**About this exercise**
Leave out every picture and set down, exactly, the lines below from the one holding "Москва. 23 октября." up to and including the one holding "HONDA CIVIC HATCHBACK - лот 11089".

**Provided records**
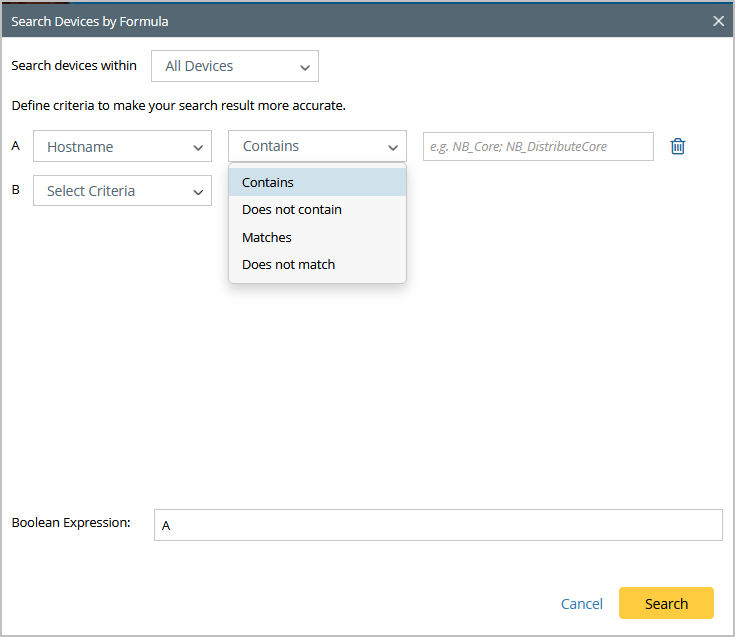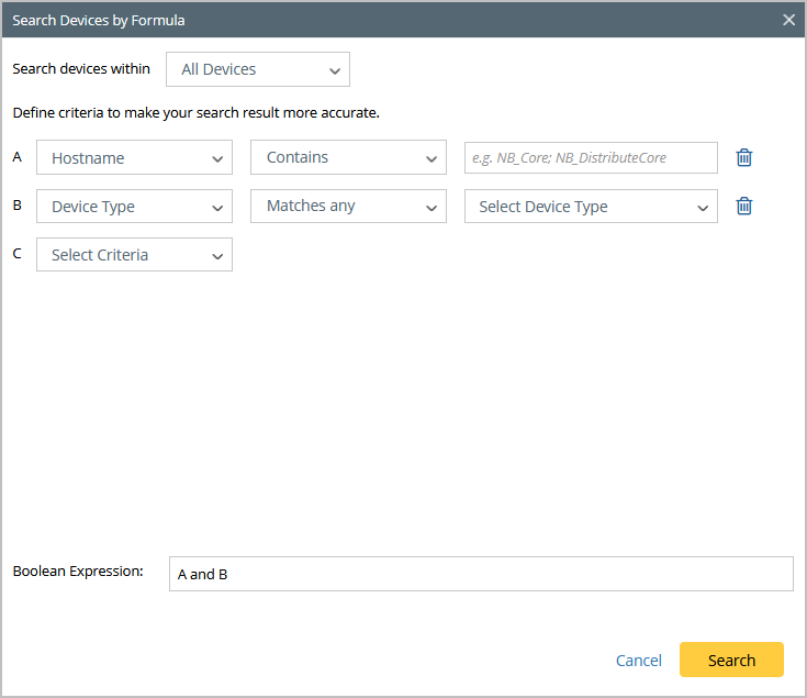 Search Devices by Formula allows you to build complex search queries to search for devices by using multiple search criteria and a Boolean expression.
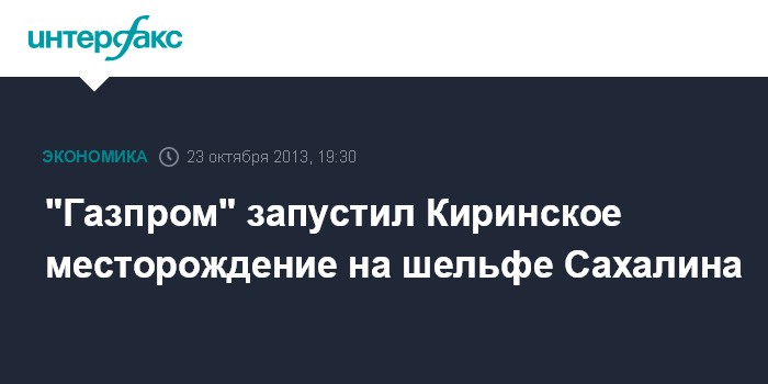 Москва. 23 октября. INTERFAX.RU - "Газпром" запустил в эксплуатацию Киринское газоконденсатное месторождение на шельфе Сахалина.
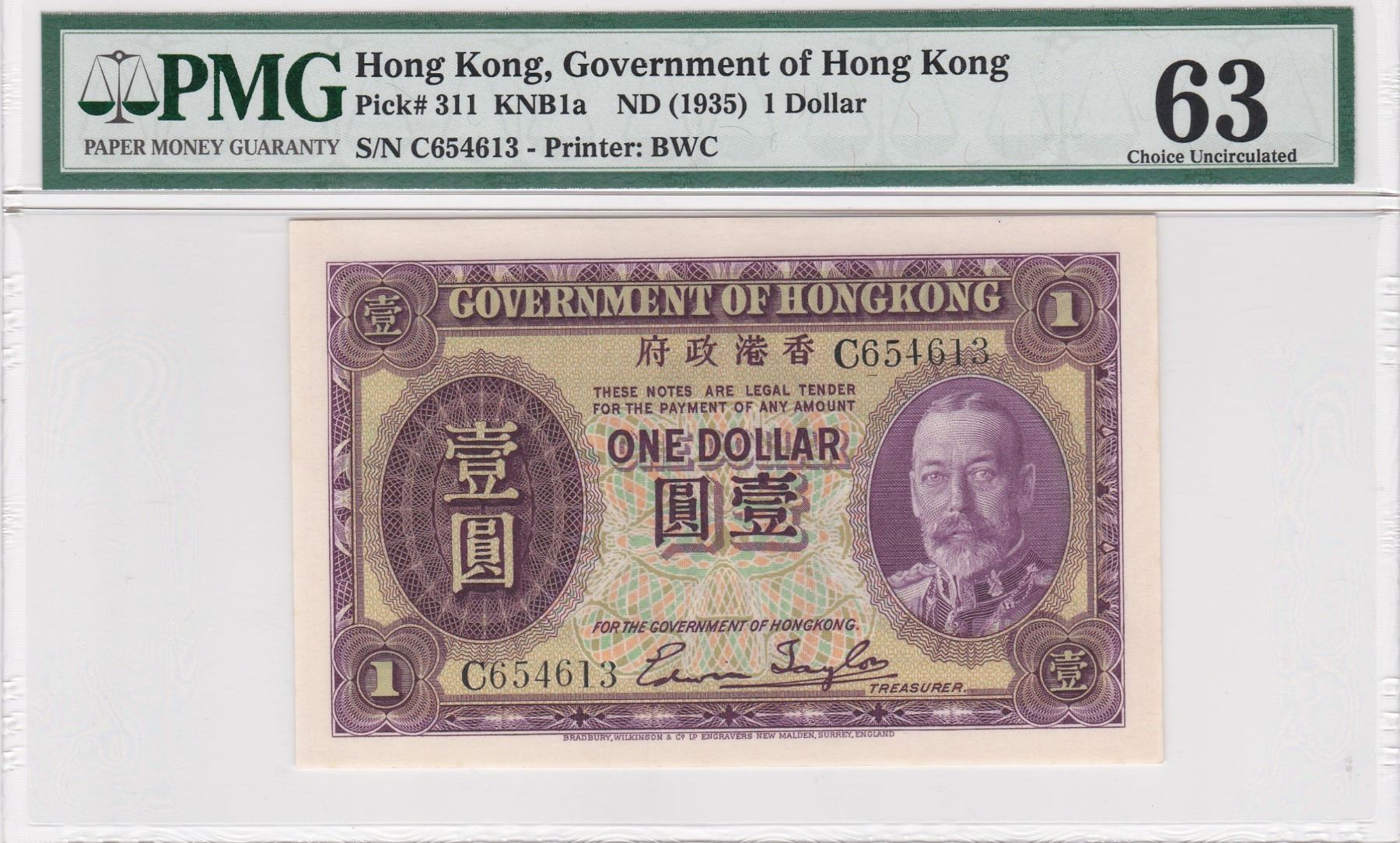 C654613, ND 1935 香港政府 1 圓, PMG 63, C654613, ND 1935 Hong Kong Government 1 dollar, PMG 63
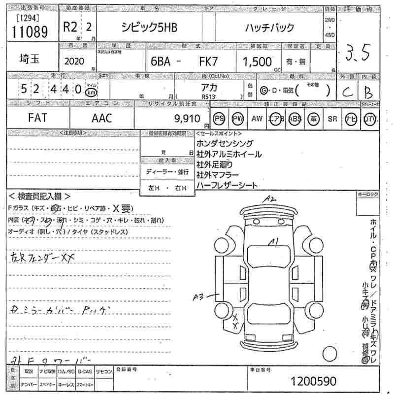 HONDA CIVIC HATCHBACK - лот 11089
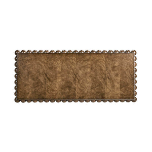 The faux bone inlay creates a subtle visual contrast against the medium brown mahogany, elevating the table's overall appearance. Immerse yourself in the playful side of modern design and transform every meal into an experience.
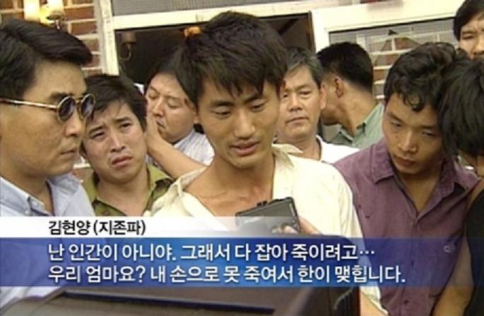 식인 이유에 대해 ‘지존파’ 행동대장 김현양은 “인간임을 포기하기 위해, 그리고 조직의 일원으로서 스스로 더 강해지기 때문”이라고 밝혔다.

**Response to this task**
 Москва. 23 октября. INTERFAX.RU - "Газпром" запустил в эксплуатацию Киринское газоконденсатное месторождение на шельфе Сахалина.
 C654613, ND 1935 香港政府 1 圓, PMG 63, C654613, ND 1935 Hong Kong Government 1 dollar, PMG 63
 HONDA CIVIC HATCHBACK - лот 11089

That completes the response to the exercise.